President David Granger: Thank you and pleased be seated. Thank you for that kind, overgenerous introduction, Ms. Dorick. Chairperson, Mr. Ovid Williams, I wish you could hear his CV, very interesting. Honourable Moses Nagamootoo, Prime Minister and First Vice President and Mrs. Sita Nagamootoo; Vice President Sydney Allicock, Minister of Indigenous Peoples’ Affairs; Ministers of the Government; Members of the National Assembly; members of the Diplomatic Corps; heads of the indigenous organisations; TAAMOG, APA, and LADF; Toshao, Chairman of the National Toshaos Council, Mr. Joel Fredericks – and I do look forward to coming to Mainstay next week; Toshaos; distinguished invitees; members of the media; ladies and gentlemen; Guyanese:
I am happy to be here this evening to see the displays of culture, like I was here last evening – and it is true that the motto or the theme of this month “Our Culture, Earth, Future” – and certainly I think we are all happy to be able to witness the culture that we saw this evening and last evening from the young indigenous girls and boys.
This is a month of celebration and I’d like to begin by wishing you a happy Indigenous Peoples’ Month, Indigenous Heritage Month. It is a celebration of the breadth and the wealth of Guyana’s indigenous cultures. It is a month to savour our diversity. It is a month to take action to preserve this rich culture, to protect, to promote and to preserve the customs and traditions of our Indigenous peoples – the Akawaio, the Arawak, the Arecuna, the Carib, the Makushi, the Patamona, the Wai-Wai, the Wapishana and the Warrau.
Our Constitution says that ”Indigenous peoples shall have the right (not may) to the protection, preservation and promulgation of their languages, cultural heritage and way of life.”

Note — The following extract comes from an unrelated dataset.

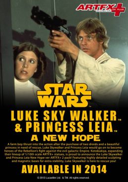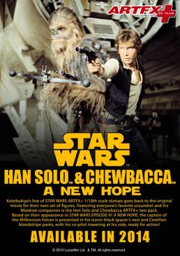 In two separate print ads, Kotobukiya has announced four new Star Wars ARTFX+ Statues coming in 2014. These statues will all be based on Star Wars: Episode IV – A New Hope. Included will be:

That is a right and we saw this evening a demonstration of that right and, every year in September, on the first of September, we renew our commitment to ensure that that right is not diminished in any way. Indigenous communities are the repositories of the cultural heritage of our first peoples. The protection, preservation and propagation of values and traditions and the way of life of Guyana’s indigenous peoples, therefore, must take place within those villages, within those communities.
Ladies and gentlemen, the cultural heritage of our indigenous communities, unfortunately, is under threat. The slow pace of economic growth threatens communities.
Limited economic opportunities over the past two decades have caused some distress and even some migration. Communities have lost some of their human capital and if you went to neighbouring towns in Brazil, Venezuela and Suriname you would see many Guyanese of indigenous origin in those places, usually in search of employment.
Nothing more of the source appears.